▶ **Extracted material**:

============================================================

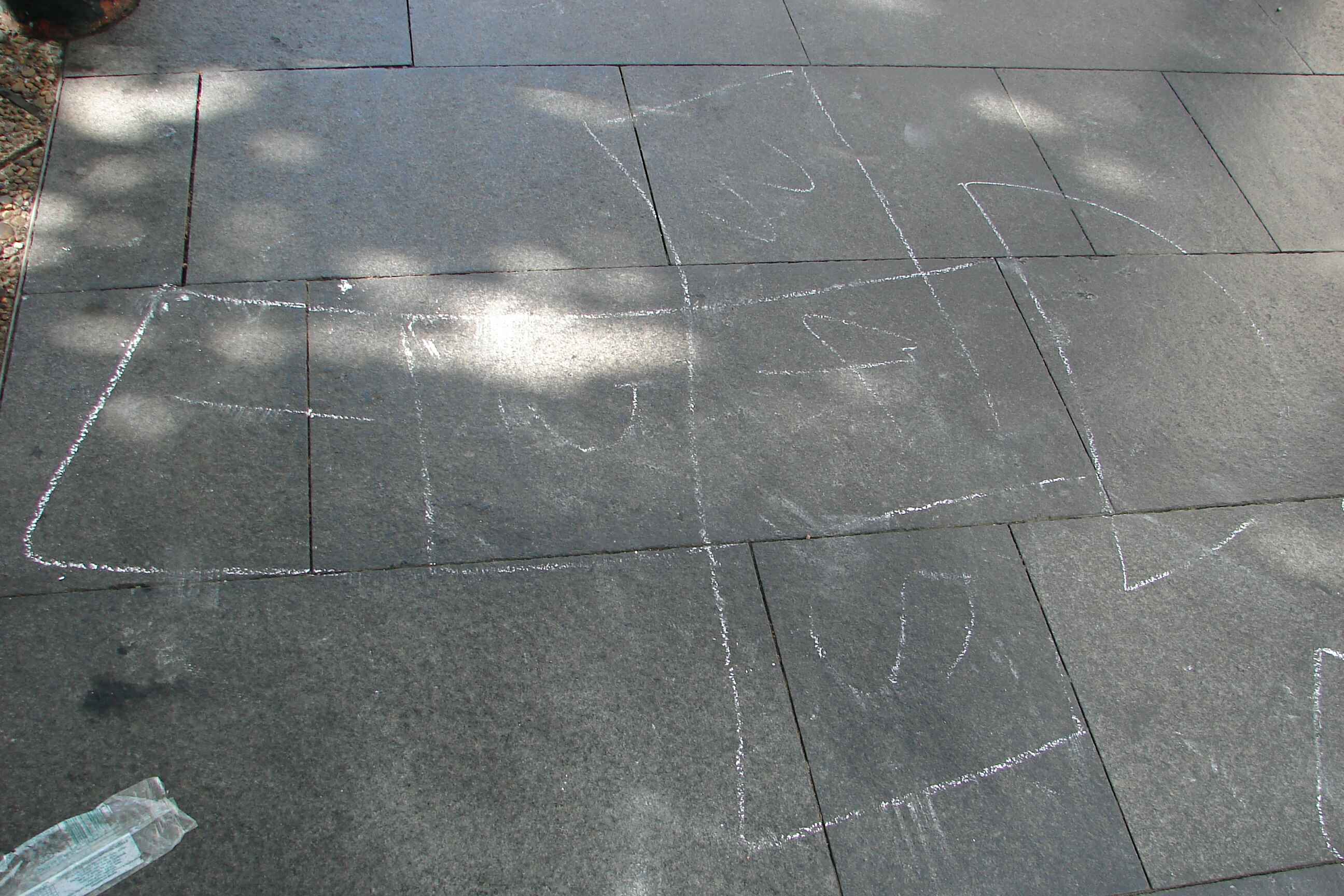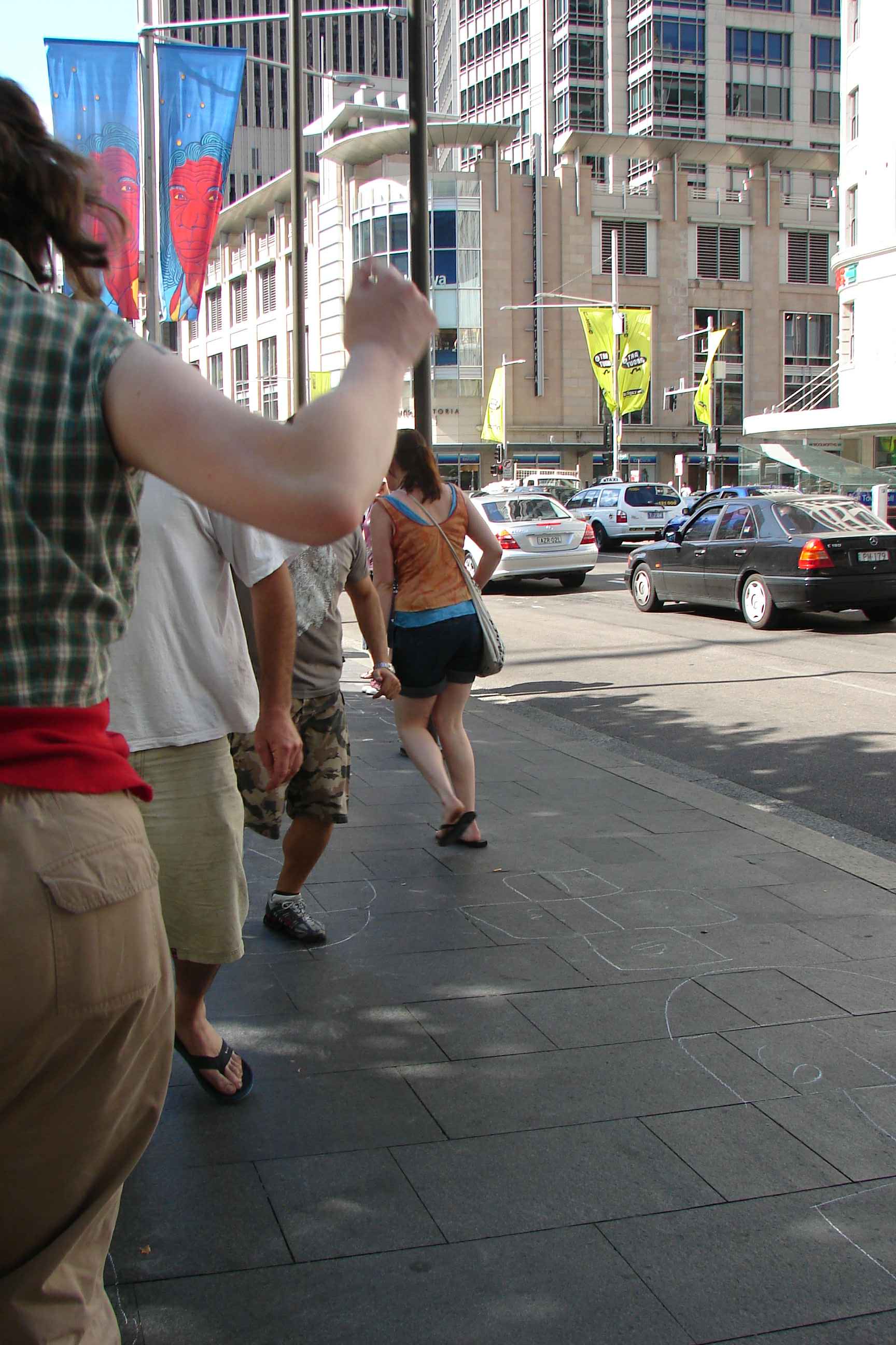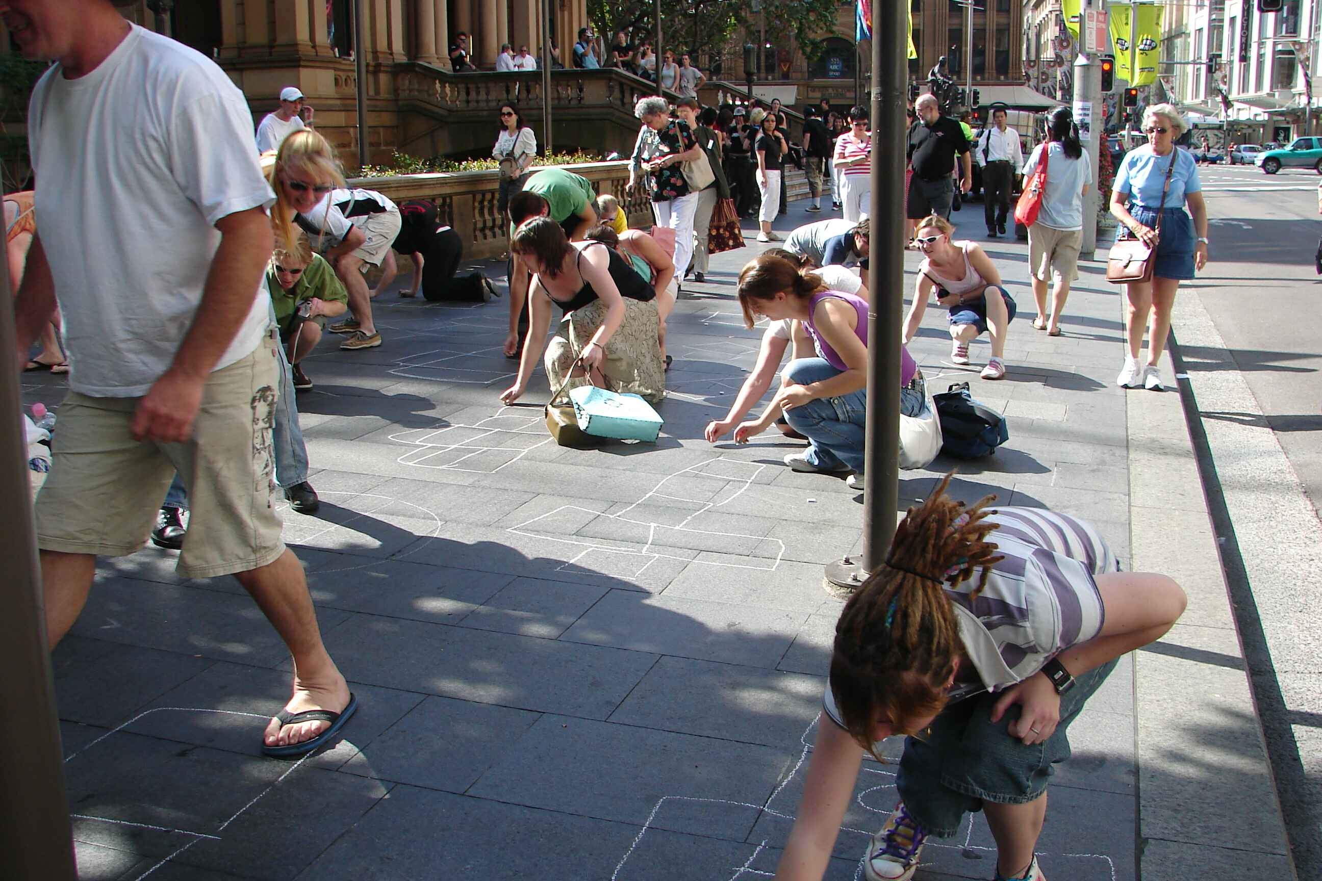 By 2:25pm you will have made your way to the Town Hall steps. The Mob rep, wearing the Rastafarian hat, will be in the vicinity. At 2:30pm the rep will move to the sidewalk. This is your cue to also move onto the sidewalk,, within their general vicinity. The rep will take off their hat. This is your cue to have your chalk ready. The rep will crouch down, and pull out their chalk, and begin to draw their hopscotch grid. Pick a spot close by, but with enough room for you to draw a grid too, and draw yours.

============================================================

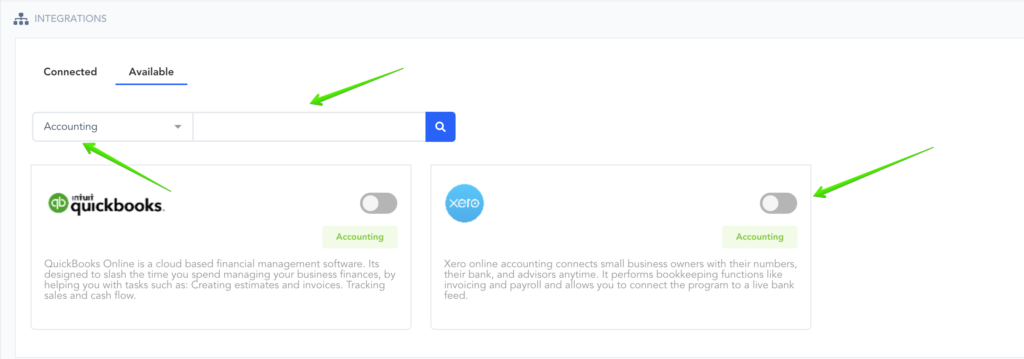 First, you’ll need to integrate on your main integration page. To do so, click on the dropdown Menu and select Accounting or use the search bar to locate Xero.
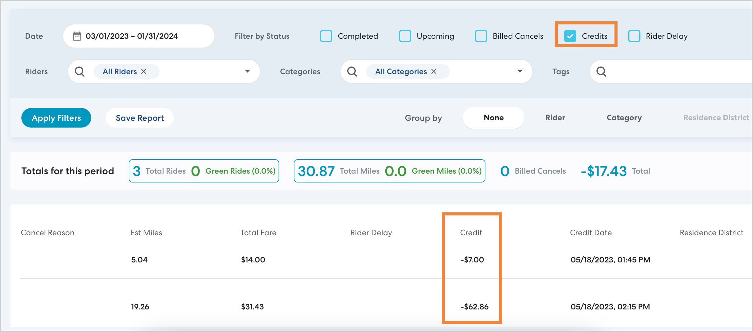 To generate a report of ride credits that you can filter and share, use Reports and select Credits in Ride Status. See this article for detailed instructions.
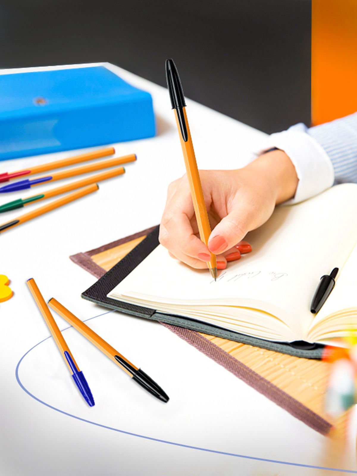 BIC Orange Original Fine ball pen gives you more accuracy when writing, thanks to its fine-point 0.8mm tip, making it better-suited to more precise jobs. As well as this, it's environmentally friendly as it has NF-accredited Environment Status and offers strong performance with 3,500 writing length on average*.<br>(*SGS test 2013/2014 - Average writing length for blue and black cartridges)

============================================================

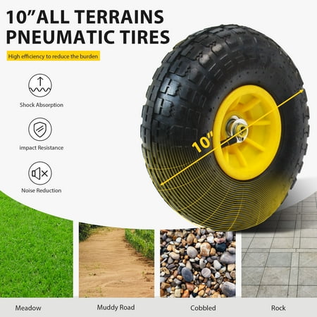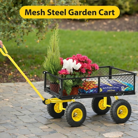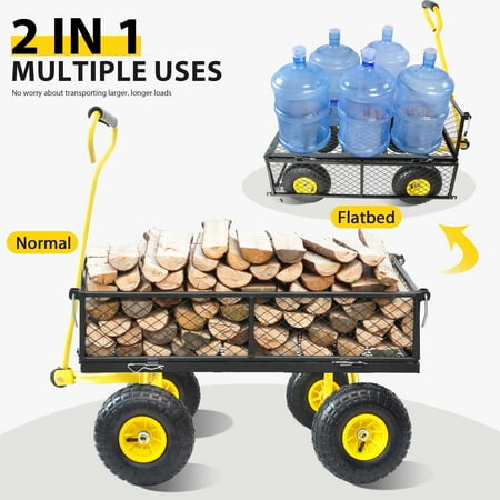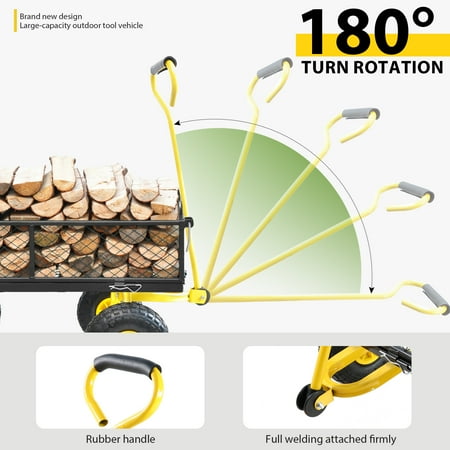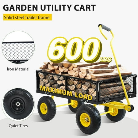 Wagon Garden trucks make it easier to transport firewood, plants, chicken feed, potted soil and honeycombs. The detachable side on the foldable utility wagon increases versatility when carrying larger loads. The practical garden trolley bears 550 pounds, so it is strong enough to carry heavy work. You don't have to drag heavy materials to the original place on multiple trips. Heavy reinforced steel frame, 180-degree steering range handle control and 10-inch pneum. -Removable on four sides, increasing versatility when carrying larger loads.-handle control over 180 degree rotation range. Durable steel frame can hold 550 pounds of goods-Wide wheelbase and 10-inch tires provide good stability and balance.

============================================================

▶ **Problem to work on**: From the records above, extract the lines from the one holding "To generate a" through the one holding "BIC Orange Original", word for word; omit the pictures.

▶ **Answer section**:
 To generate a report of ride credits that you can filter and share, use Reports and select Credits in Ride Status. See this article for detailed instructions.
 BIC Orange Original Fine ball pen gives you more accuracy when writing, thanks to its fine-point 0.8mm tip, making it better-suited to more precise jobs. As well as this, it's environmentally friendly as it has NF-accredited Environment Status and offers strong performance with 3,500 writing length on average*.<br>(*SGS test 2013/2014 - Average writing length for blue and black cartridges)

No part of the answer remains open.